Proof. Let us proceed by inclusions.
Let $E$ be a vector space and $\varphi\in\textrm{End}_k(E)$, then one can define an external multiplication of $k[X]$ on $E$ in the following manner: $$\cdot\colon\begin{cases}k[X]\times E&\rightarrow&E\\ (f,x)&\mapsto&f(\varphi)(x)\end{cases}.$$ For any $\displaystyle f:=\sum_{i=0}^na_nX^n\in k[X]$, $f(\varphi)\colon E\rightarrow E$ is define by: $$f(\varphi)(x):=\sum_{i=0}^na_n\varphi^i(x),$$ where $\varphi^i$ is $\varphi$ composed $i$ times with itself. It is easy to check that $(E,+,\cdot)$ is a $k[X]$-module.

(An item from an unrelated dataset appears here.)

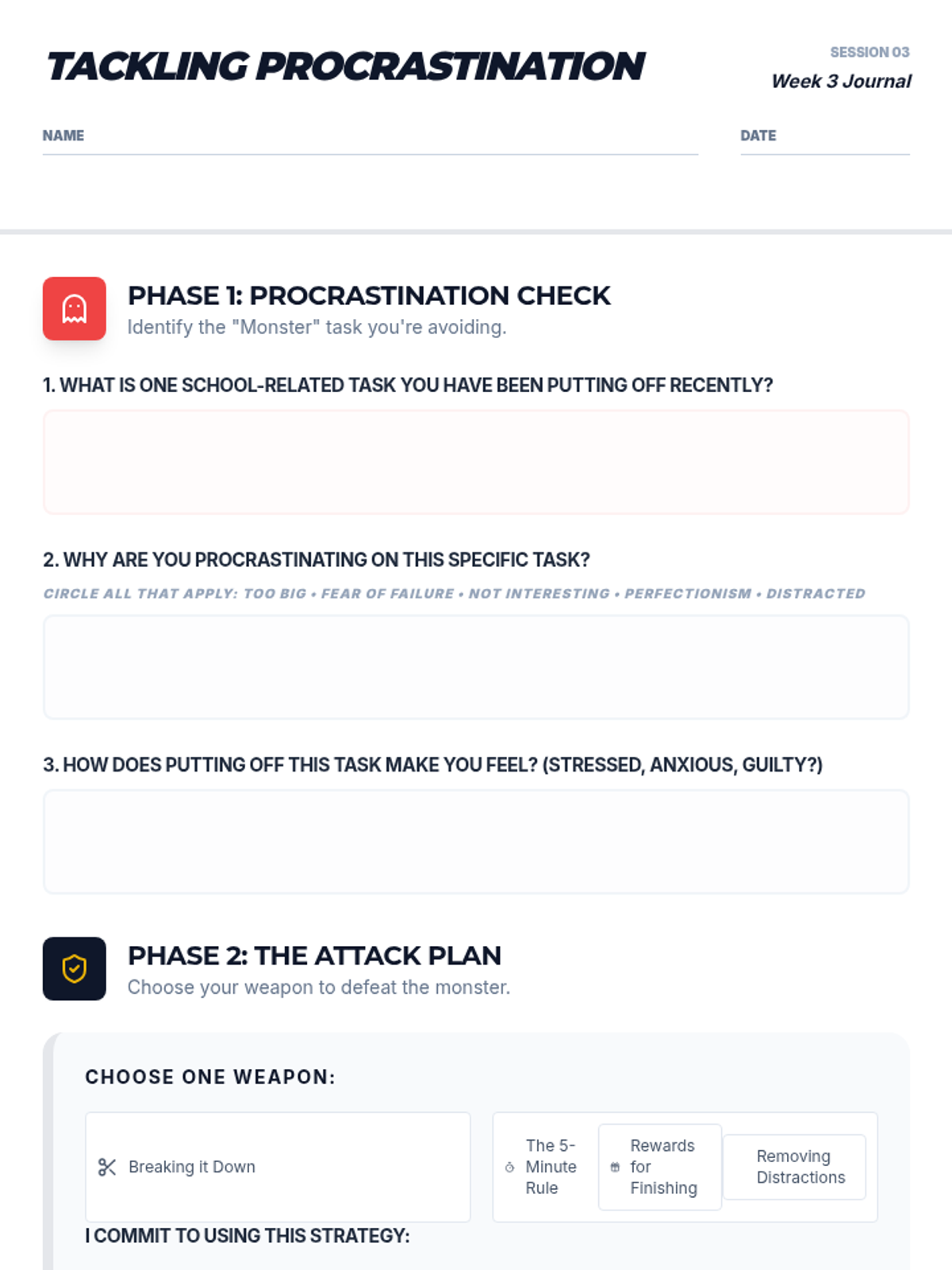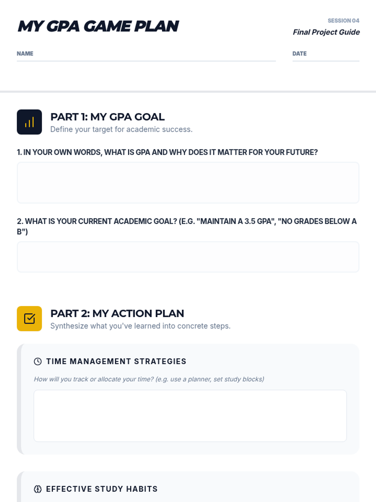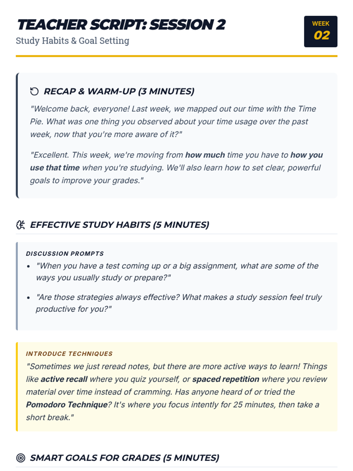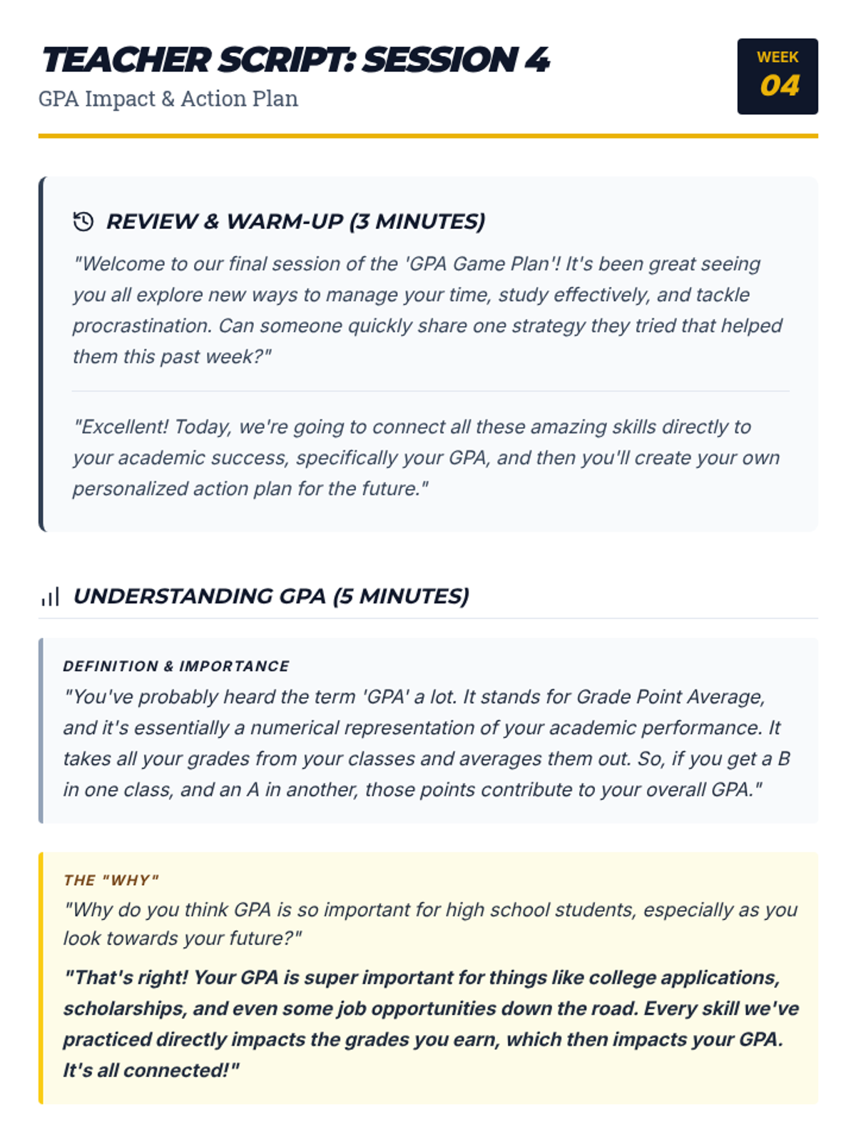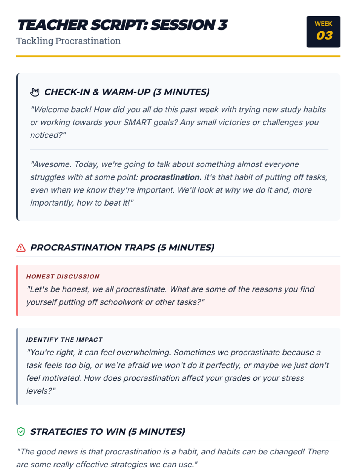A 4-week small group program for 10th-grade students to master time management, study habits, and procrastination to boost their GPA.
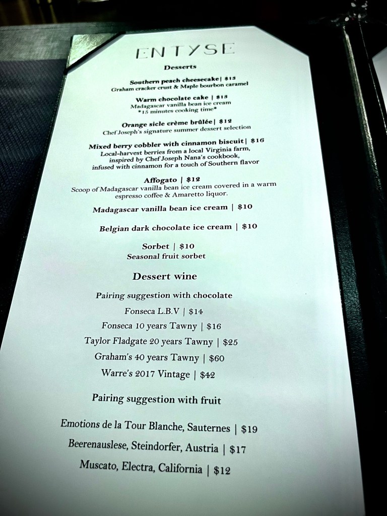 “Entyse.” Located in the lobby of the Ritz-Carlton in Tyson’s Galleria. Or “Tyson’s II” as they call it around here. There’s “Tyson’s I” and then there is “Tyson’s II.” Both are next door to one another. Down the street from one another. The former is for the masses. The latter is for bureaucrats and the elite and for rich foreign tourists. Extricate yourself from the petty culture wars somehow, and you end up here. Luxury.

Let $(M,+,\cdot)$ be a $k[X]$-module, by restriction to $k$ $\cdot$ induces a $k$-vector space structure on $M$. Furthermore, let define $\varphi\colon M\rightarrow M$ by: $$\varphi(x):=X\cdot x.$$
You are interested in the forward inclusion.
Remark. This is a key observation in order to deal with the reduction of endomorphisms, in particular to establish Frobenius decomposition theorem.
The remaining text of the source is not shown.